I totally get that. I was fortunate to get properly educated up through essentially the level of an undergraduate math degree (minus maybe typology), but then continued learning a lot on my own. It’s common to hear that the struggle is part of the learning process. The more I’ve advanced the more I find this to be true. It’s that struggle that makes you pay attention to the small details that are so critical. I was also fortunate to have a professor who would pester me and he later told me he wanted me to be confident in my results, because eventually I would have no one to double check (and he was right). The struggle really helps with this.

I think the main difference between learning provisioning and math is a compiler. To learn either you can only learn by doing. Reading and lectures aren’t enough. What is hard to learn in math is to be the compiler yourself. To be able to verify “programs” (do I even need quotes here?). This is a very powerful tool to add to your tool belt and one I think even helps in programming.

I hope others can add advice here and words of encouragement. The struggle is real, but it is part of the process, for better or for worse.

globalnode · on Dec 23, 2024

Do you have any favourite books? like maybe 2 or 3 that you'd grab in the event of ww3 or a zombie apocalypse? I'm always on the look out for good self-learning maths books.

Al0neStar · on Dec 23, 2024

These books are what i would consider the best books for self-study. (I have gone through many textbooks after i went back to school to study statistics.)

• Real Analysis: A Long-Form Mathematics Textbook

• Proofs: A Long-Form Mathematics Textbook

• Mathematical Logic Through Python

• A Course in Calculus and Real Analysis

• A Course in Multivariable Calculus and Analysis

• Differential Equations With Applications and Historical Notes

• Probability and Random Processes (Grimmet)

• Probability Through Problems

• Fifty Challenging Problems in Probability with Solutions

• The Simple and Infinite Joy of Mathematical Statistics

• An Introduction to Error Analysis

globalnode · on Dec 24, 2024

Thank you for those, the Logic through Python one looks interesting at first glance. I've discovered a peculiarity about my own learning style with maths. If I can implement a concept in code, I can remember and understand it better!

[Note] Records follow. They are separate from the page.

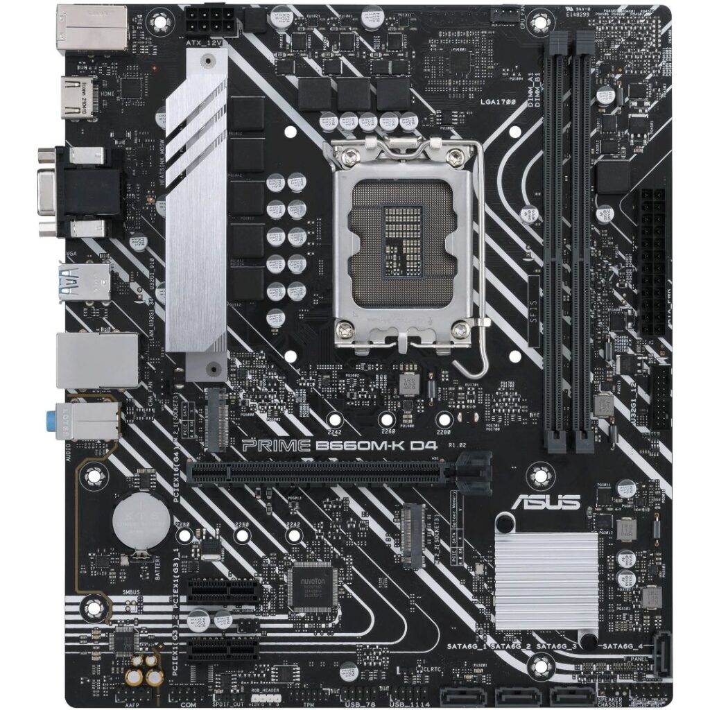 ASUS PRIME B660M-K D4. Prozessorhersteller: Intel, Prozessorsockel: LGA 1700, Kompatible Prozessoren: Intel® Celeron®, Intel® Core™ i3, Intel® Core™ i5, Intel® Core™ i7, Intel® Core™ i9,…. Unterstützte Arbeitsspeicher: DDR4-SDRAM, RAM-Speicher maximal: 64 GB, Arbeitsspeicher Typ: DIMM. Unterstützte Speicherlaufwerk-Schnittstellen: M.2, PCI Express 4.0, SATA III, Unterstützte Speicherlaufwerke: HDD & SSD, RAID Level: 0, 1, 5, 10. Ethernet Schnittstellen Typ: Gigabit Ethernet. Komponente für: PC, Motherboardformfaktor: micro ATX, Motherboard Chipsatz Familie: Intel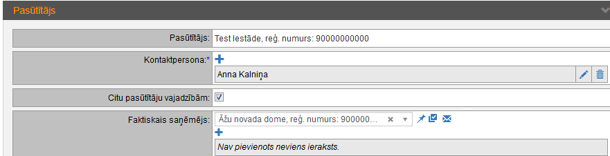Informācija par iepirkuma organizētāju, pasūtītāju, kontaktpersonu un faktisko saņēmēju, ja tas atšķiras no pasūtītāja. Ja iepirkums tiek veikts citu pasūtītāju vajadzībām, atzīmē atbilstošo izvēles rūtiņu. Laukā Faktiskais saņēmējs norāda vienu vai vairākus faktiskos saņēmējus vienā no veidiem: − Izvēlas no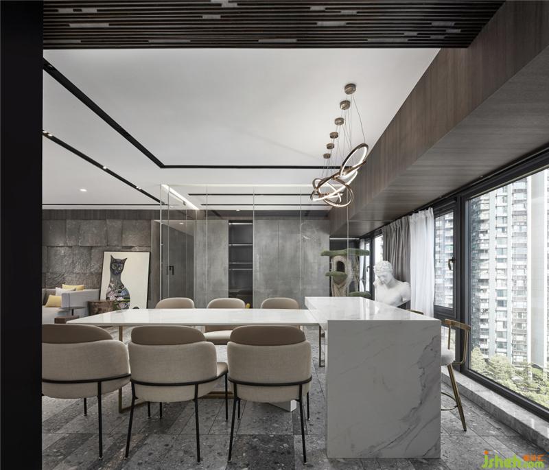 空間人文感知:設(shè)計(jì)師從本案重新探索玻璃、石、木等材料的有機(jī)結(jié)合,將崇尚自然復(fù)古的情緒融入進(jìn)空間,挖掘人文原始對自然材質(zhì)的心理感受。使現(xiàn)代空間更具原始、摩登氣質(zhì)。

wakawaka28 · on Dec 22, 2024

What gatekeeping? Anyone is free to do math to the extent of their abilities. Math is known for accepting contributions from other fields. You don't need special credentials in math to publish a book or paper about math. It helps but it is not essential. Some academic positions are very difficult to get without a proper degree in the subject but that applies to every field, and for good reason.

zxvkhkxvdvbdxz · on Dec 23, 2024

Not OP, but I read it like they meant gatekeeping == lack of skill, because OP seems to think that everybody knows programming now thanks to AI.

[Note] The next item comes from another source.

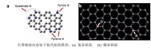 面內(nèi)雜原子取代缺陷:一些原子如氮、硼等,可以形成三個化學(xué)鍵,因此可以取代石墨烯中碳原子的位置,這些雜原子構(gòu)成了石墨烯面內(nèi)雜原子取代缺陷。

I hope I am misreading this.

zxvkhkxvdvbdxz · on Dec 23, 2024

> one day, everyone can do maths, just like with programming.

Everyone can absolutely not do programming with an AI.

What is true tho is that everyone who cannot write program code, also cannot evaluate if the code the AI produces is correct.

And we who do write alot of code are not all that impressed.

random3 · on Dec 22, 2024

Programming should remove all gatekeeping one day so everyone can do programming

Nevermark · on Dec 22, 2024

And gatekeeping, so many of us want to gatekeep but there too, other gatekeepers stand in our way

amelius · on Dec 22, 2024

Just build a gate around their gate.

olddustytrail · on Dec 22, 2024

Yes, like the Fields Medal. Everyone should get a Fields Medal, that way we're all winners.

Or the Riemann Hypothesis! Why not call it the American Hypothesis? That way everyone could think it.